Research & Papers

S-LCG: Structured Linear Congruential Generator-Based Deterministic Algorithm for Search and Optimization

New deterministic optimizer hits within 1% of global optimum 83% of the time.

Deep Dive

S-LCG (Structured Linear Congruential Generator) is a novel deterministic optimization algorithm that reimagines random number generators for search and optimization. Developed by Ahmed Qasim Mohammed, Haider Banka, and Anamika Singh, it employs a two-level architecture: an external loop balances exploration and exploitation adaptively, while an internal loop evaluates solutions. Key innovations include a memoryless scheme ensuring non-overlapping sequences (no redundant evaluations), bit splitting to convert generator states into multi-dimensional points (overcoming the Marsaglia lattice effect), and constant information gathering speed to prevent premature convergence. The algorithm requires only one sensitive parameter, making it exceptionally easy to tune and fully reproducible.

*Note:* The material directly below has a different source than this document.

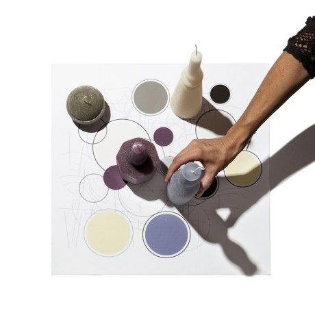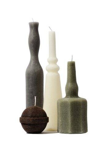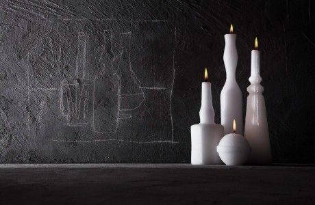 Le Morandine sono proposte in gruppi di quattro, nei toni opachi e nelle tinte delle più tipiche sfumature morandiane. Realizzate artigianalmente mediante il metodo di colatura, presentano una graffiatura “a tela” eseguita manualmente, una per una, che le rende esclusive. Le Morandine vengono arricchite da un pattern che riproduce, in modo stilizzato, i cerchi che il Maestro tracciava sul tavolo da lavoro per determinare la giusta collocazione dei suoi oggetti. Così sarà possibile interagire con le candele, disponendole su un piano con la stessa libertà con cui Morandi spostava i suoi oggetti prima di immortalarli sulla tela.

Extensive testing on 26 benchmark functions across dimensions 2 to 30 shows S-LCG consistently within 1% of the global optimum in 83.3% of 138 test cases (100% at d=2, 81.2% at d=30). This surpasses the nearest competitor, Genetic Algorithm (GA), which achieved 75.4%. Statistical validation confirms S-LCG outperforms eight cutting-edge binary algorithms. Practical value is demonstrated on three constrained engineering design problems. S-LCG offers a strictly reproducible, parameter-light alternative to stochastic methods, with potential applications in engineering, logistics, and AI hyperparameter tuning.

Key Points
  • Memoryless scheme ensures no overlapping sequences, eliminating redundant evaluations
  • Bit splitting converts LCG states into multi-dimensional points, solving the Marsaglia lattice effect
  • Achieves 83.3% near-optimum rate vs 75.4% for GA, with only one tunable parameter

Why It Matters

A deterministic, reproducible optimizer needing single-parameter tuning could simplify real-world engineering and AI optimization.